Nguyen Van Hung, Roy Bertrand
VHN Consulting Inc., 95 McCulloch, Montreal, QC H2V3L8, Canada.
Seqirus Canada, 16766 Trans-Canada Hwy Suite 504, Kirkland, QC H9H 4M7, Canada.
Vaccines (Basel). 2022 Aug 4;10(8):1257. doi: 10.3390/vaccines10081257.

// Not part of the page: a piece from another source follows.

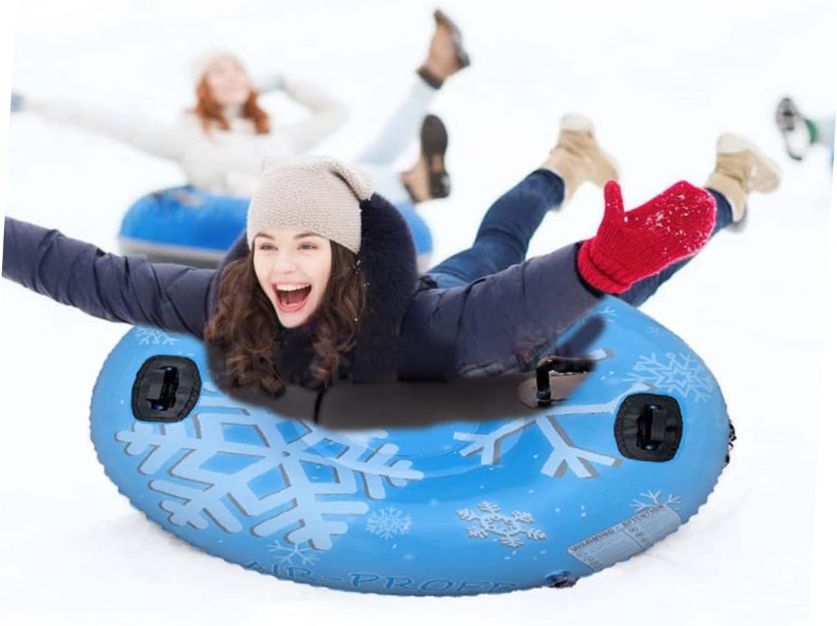 Slitta da neve gonfiabile: le maniglie rinforzate su due lati garantiscono una presa sicura e una manovrabilità in modo che rimanga saldamente in posizione durante lo slittino. Tubo da neve in PVC per pneumatici da neve per carichi pesanti: è caratterizzato da resistenza alle basse temperature e lunga durata, non devi preoccuparti di problemi di sicurezza, slitta da neve gonfiabile con tubo da sci: può essere piegato e imballato dopo lo sgonfiaggio. Arrotolalo nelle borse quando non lo usi, risparmia spazio ed è facile da trasportare. Slitta da neve invernale all'aperto Tubo da sci gonfiabile in PVC: il tubo da neve da sci è la scelta migliore per divertirsi allenandosi all'aperto in inverno. Pneumatico da neve gonfiabile per tubo da sci all'aperto: in inverno puoi portarlo con la tua famiglia e trascorrere un piacevole inverno. slitta da neve in pvc

In Canada, approximately 12,000 people annually are hospitalized with influenza. While vaccination is the most effective method for reducing the burden of seasonal influenza, the propagation of vaccine virus strains in eggs can result in egg adaption, resulting in reduced antigenic similarity to circulating strains and thus lower vaccine effectiveness (VE). Cell-based propagation methods avoid these alterations and therefore may be more effective than egg-propagation vaccines. We evaluated three different scenarios: (1) egg-based quadrivalent influenza vaccine (QIVe) for individuals <65 years and adjuvanted trivalent influenza vaccine (aTIV) for ≥65 years; (2) QIVe (<65 years) and high-dose QIV (HD −; QIV; ≥65 years); and (3) cell-based derived QIV (QIVc; <65 years) and aTIV (≥65 years) compared with a baseline scenario of QIVe for all age groups. Modelling was performed using a dynamic age-structured SEIR model, which assessed each strain individually using data from the 2012−2019 seasons. Probabilistic sensitivity analysis assessed the robustness of the results with respect to variation in absolute VE, relative VE, number of egg-adapted seasons, and economic parameters. QIVe + aTIV was cost-saving compared with the baseline scenario (QIVe for all), and QIVe + HD − QIV was not cost-effective in the majority of simulations, reflecting the high acquisition cost of HD − QIV. Overall, while the incremental benefits may vary by influenza season, QIVc + aTIV resulted in the greatest reductions in cases, hospitalizations, and mortality, and was cost-effective (ICER < CAD 50,000) in all simulations.
在加拿大,每年约有12,000人因流感住院。虽然接种疫苗是减轻季节性流感负担的最有效方法,但疫苗病毒株在鸡蛋中繁殖会导致毒株适应鸡蛋环境,从而降低与流行毒株的抗原相似性,进而降低疫苗效力(VE)。基于细胞的繁殖方法可避免这些改变,因此可能比基于鸡蛋繁殖的疫苗更有效。我们评估了三种不同情况:(1)为65岁以下人群接种基于鸡蛋的四价流感疫苗(QIVe),为65岁及以上人群接种佐剂三价流感疫苗(aTIV);(2)为65岁以下人群接种QIVe,为65岁及以上人群接种高剂量四价流感疫苗(HD-QIV);(3)将基于细胞衍生的四价流感疫苗(QIVc;65岁以下)和aTIV(65岁及以上)与所有年龄组均接种QIVe的基线情况进行比较。使用动态年龄结构的SEIR模型进行建模,该模型利用2012 - 2019年季节的数据对每种毒株进行单独评估。概率敏感性分析评估了结果在绝对VE、相对VE、鸡蛋适应季节数和经济参数变化方面的稳健性。与基线情况(所有人均接种QIVe)相比,QIVe + aTIV具有成本节约效果,而在大多数模拟中,QIVe + HD-QIV不具有成本效益,这反映了HD-QIV的高购置成本。总体而言,虽然增量效益可能因流感季节而异,但QIVc + aTIV导致病例、住院和死亡人数减少最多,并且在所有模拟中均具有成本效益(增量成本效果比<50,000加元)。